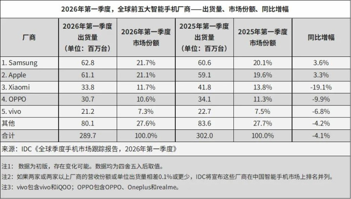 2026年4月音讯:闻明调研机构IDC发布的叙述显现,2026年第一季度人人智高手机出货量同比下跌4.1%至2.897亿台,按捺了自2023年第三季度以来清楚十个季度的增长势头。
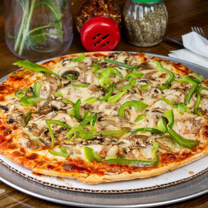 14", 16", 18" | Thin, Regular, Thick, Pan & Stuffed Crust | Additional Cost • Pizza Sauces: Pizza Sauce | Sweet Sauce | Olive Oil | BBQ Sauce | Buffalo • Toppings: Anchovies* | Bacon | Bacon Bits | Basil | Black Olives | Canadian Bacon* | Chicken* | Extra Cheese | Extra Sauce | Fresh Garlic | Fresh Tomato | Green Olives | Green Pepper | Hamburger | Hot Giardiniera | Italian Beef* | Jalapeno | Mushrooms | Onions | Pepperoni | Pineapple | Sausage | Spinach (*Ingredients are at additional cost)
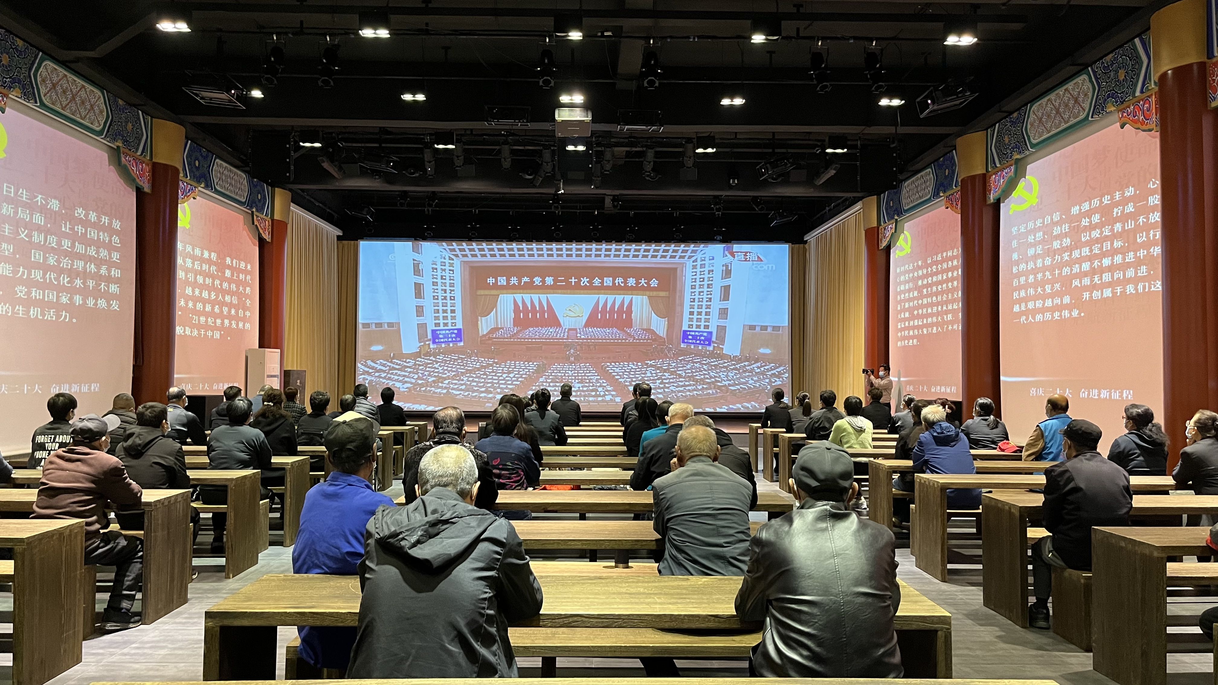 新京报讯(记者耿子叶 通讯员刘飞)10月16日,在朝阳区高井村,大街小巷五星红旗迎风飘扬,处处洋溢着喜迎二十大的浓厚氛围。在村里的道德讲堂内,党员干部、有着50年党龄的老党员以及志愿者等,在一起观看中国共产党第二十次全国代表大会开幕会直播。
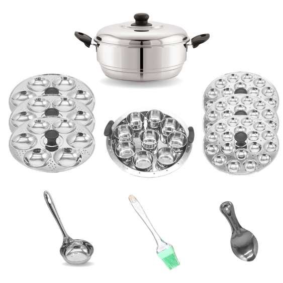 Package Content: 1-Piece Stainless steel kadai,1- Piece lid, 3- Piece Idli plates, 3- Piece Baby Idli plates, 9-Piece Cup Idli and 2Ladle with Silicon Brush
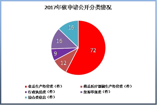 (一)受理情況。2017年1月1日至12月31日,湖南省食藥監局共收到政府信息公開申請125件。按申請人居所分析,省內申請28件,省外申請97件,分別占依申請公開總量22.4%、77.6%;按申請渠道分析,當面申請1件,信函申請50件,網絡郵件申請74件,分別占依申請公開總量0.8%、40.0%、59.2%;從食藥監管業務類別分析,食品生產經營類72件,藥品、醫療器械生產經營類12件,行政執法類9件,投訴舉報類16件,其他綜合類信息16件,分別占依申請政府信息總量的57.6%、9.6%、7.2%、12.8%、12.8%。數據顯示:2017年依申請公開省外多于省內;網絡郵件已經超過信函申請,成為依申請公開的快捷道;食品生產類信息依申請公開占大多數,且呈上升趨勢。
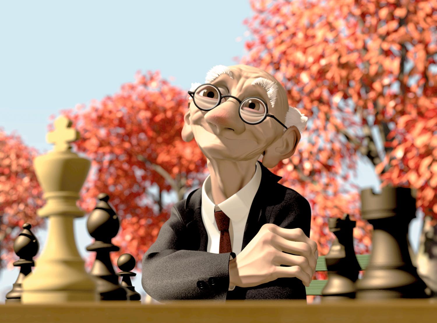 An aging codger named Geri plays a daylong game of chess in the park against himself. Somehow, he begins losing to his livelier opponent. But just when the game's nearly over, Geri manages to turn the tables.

--

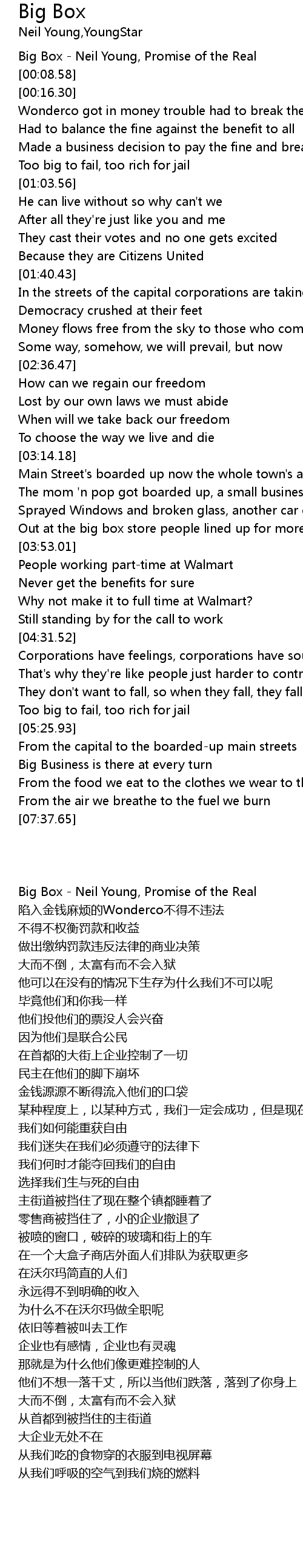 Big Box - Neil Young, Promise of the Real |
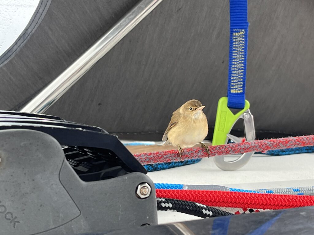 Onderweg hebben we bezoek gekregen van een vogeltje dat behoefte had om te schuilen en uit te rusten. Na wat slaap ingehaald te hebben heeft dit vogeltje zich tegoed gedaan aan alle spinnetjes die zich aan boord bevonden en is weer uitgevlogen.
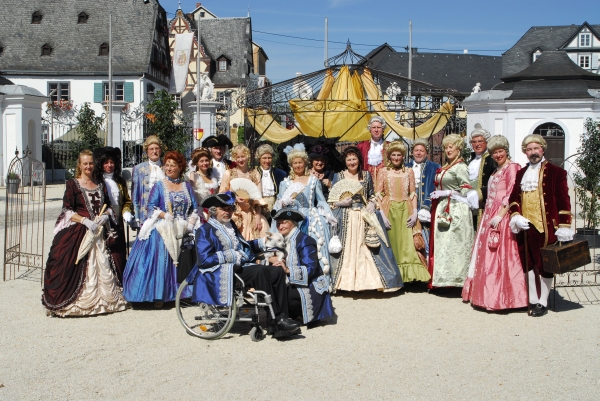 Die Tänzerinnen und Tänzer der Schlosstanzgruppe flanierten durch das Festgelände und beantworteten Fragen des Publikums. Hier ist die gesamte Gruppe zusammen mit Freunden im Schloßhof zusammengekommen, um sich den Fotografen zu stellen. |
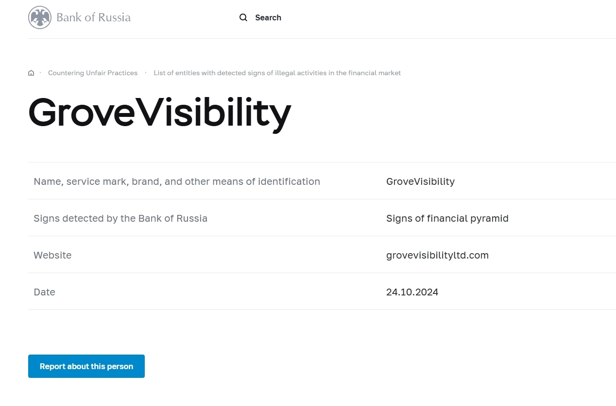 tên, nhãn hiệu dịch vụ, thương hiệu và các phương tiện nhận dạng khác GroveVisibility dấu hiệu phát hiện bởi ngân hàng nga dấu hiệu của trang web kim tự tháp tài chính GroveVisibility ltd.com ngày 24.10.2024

**Work to be completed:** Copy word for word the lines above, starting at the line containing "Die Tänzerinnen und" and ending at the line containing "tên, nhãn hiệu", inclusive, with no pictures.

**Output of the task:**
 Die Tänzerinnen und Tänzer der Schlosstanzgruppe flanierten durch das Festgelände und beantworteten Fragen des Publikums. Hier ist die gesamte Gruppe zusammen mit Freunden im Schloßhof zusammengekommen, um sich den Fotografen zu stellen. |
 tên, nhãn hiệu dịch vụ, thương hiệu và các phương tiện nhận dạng khác GroveVisibility dấu hiệu phát hiện bởi ngân hàng nga dấu hiệu của trang web kim tự tháp tài chính GroveVisibility ltd.com ngày 24.10.2024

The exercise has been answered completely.